Statement at the Conclusion of an IMF Mission to MaliPress Release No. 10/427
November 11, 2010
A mission from the International Monetary Fund (IMF) visited Mali during October 28-November 10, 2010 to conduct discussions on the fifth review of the three-year arrangement under the Extended Credit Facility (ECF). The team met with Modibo Sidibé, Prime Minister; Sanoussi Touré, Minister of Economy and Finance; Lassine Bouaré, Minister of Budget; further ministers; Oumar Ly, National Director, Central Bank of West African States; and representatives from the National Assembly, civil society, unions, and the private sector.
At the conclusion of the mission, Christian Josz, IMF Mission Chief for Mali, issued the following statement:
“The government of Mali’s economic program supported by the IMF remains on track and the pursuit of prudent macroeconomic policies, prospects are good for reaching program objectives by end-2010. As a result of satisfactory rainfall levels and a good preparation of the agricultural campaign, economic growth is forecast at 4.5 percent, while inflation can be expected to fall below 1.5 percent in 2010. The basic budget deficit, which does not reflect externally-financed capital expenditure, can be expected to remain within programmed limits equivalent to 2.4 percent of GDP. The government of Mali has also made substantial progress in reducing the stock of payment instances and arrears.
“Implementation of structural reforms to enhance fiscal management, to support the agricultural sector, and to strengthen the banking system has also been satisfactory.

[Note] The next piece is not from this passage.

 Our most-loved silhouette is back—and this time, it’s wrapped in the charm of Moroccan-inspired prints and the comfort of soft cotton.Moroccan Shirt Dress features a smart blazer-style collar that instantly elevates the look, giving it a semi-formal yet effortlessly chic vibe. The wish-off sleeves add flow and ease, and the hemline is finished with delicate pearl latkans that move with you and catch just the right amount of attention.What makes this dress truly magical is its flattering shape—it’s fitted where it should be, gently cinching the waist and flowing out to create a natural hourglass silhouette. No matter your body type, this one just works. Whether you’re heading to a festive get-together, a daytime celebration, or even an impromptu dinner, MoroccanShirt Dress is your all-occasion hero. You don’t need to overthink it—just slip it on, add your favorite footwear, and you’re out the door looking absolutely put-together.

“An agreement in principle was reached during the mission on the key components of Mali’s program for 2011. Growth in 2010 is projected at 6 percent thanks to a rebound of gold production, while inflation levels are expected to remain moderate. The basic budget deficit is targeted at 1.9 percent of GDP, reflecting a 6.5 percent increase in basic education and health expenditure financed with own resources in support of poverty reduction, while the equivalent of 0.7 percent of GDP in capital expenditure should be financed with revenue from the privatization of the telecommunications parastatal SOTELMA.

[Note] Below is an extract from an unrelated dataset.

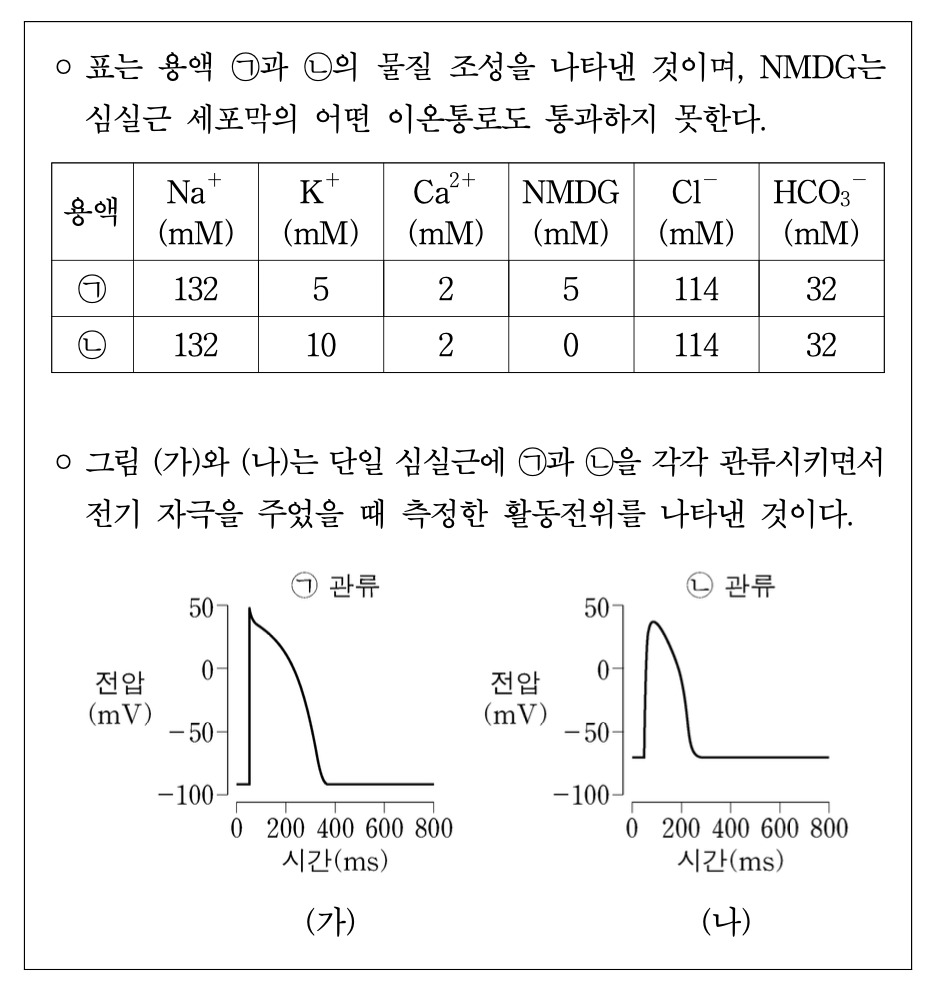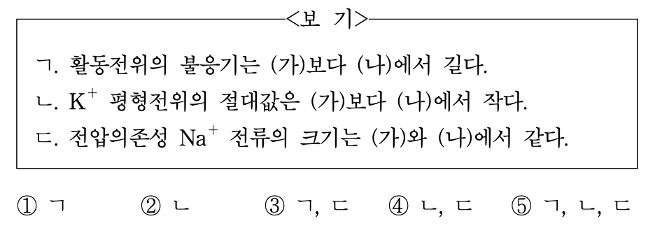 ○ ㄴ : 그래프 상에서 최초 평형 전위는 K+ 평형전위로서 (가)는 -90 mV 정도이고 (나)는 -70 mV 정도. 세포내액의 K+ 농도가 높은데, 세포밖 K+가 증가하면 K+ 평형전위 = (RT / ZF) ln (Xout / Xin)은 덜 음성이기 때문에 절대값이 작아짐

“The Malian authorities have also stated their interest in extending the current ECF, which has been in effect since May 28, 2008, until end-2011. Such an extension should enable the authorities to consider the conclusions of the ex post assessment now being conducted by IMF staff on collaboration between Mali and the IMF during the past 10 years before they decide on the follow-up for the current program.
“After consultation with IMF staff, and subject to the approval of IMF management, the IMF Executive Board in January 2011 should consider the requests from the authorities for a favorable conclusion of the fifth review of Mali’s performance in connection with the ECF and for the extension of this arrangement until end-2011.
“The mission would like to thank the authorities for their warm welcome and close cooperation.”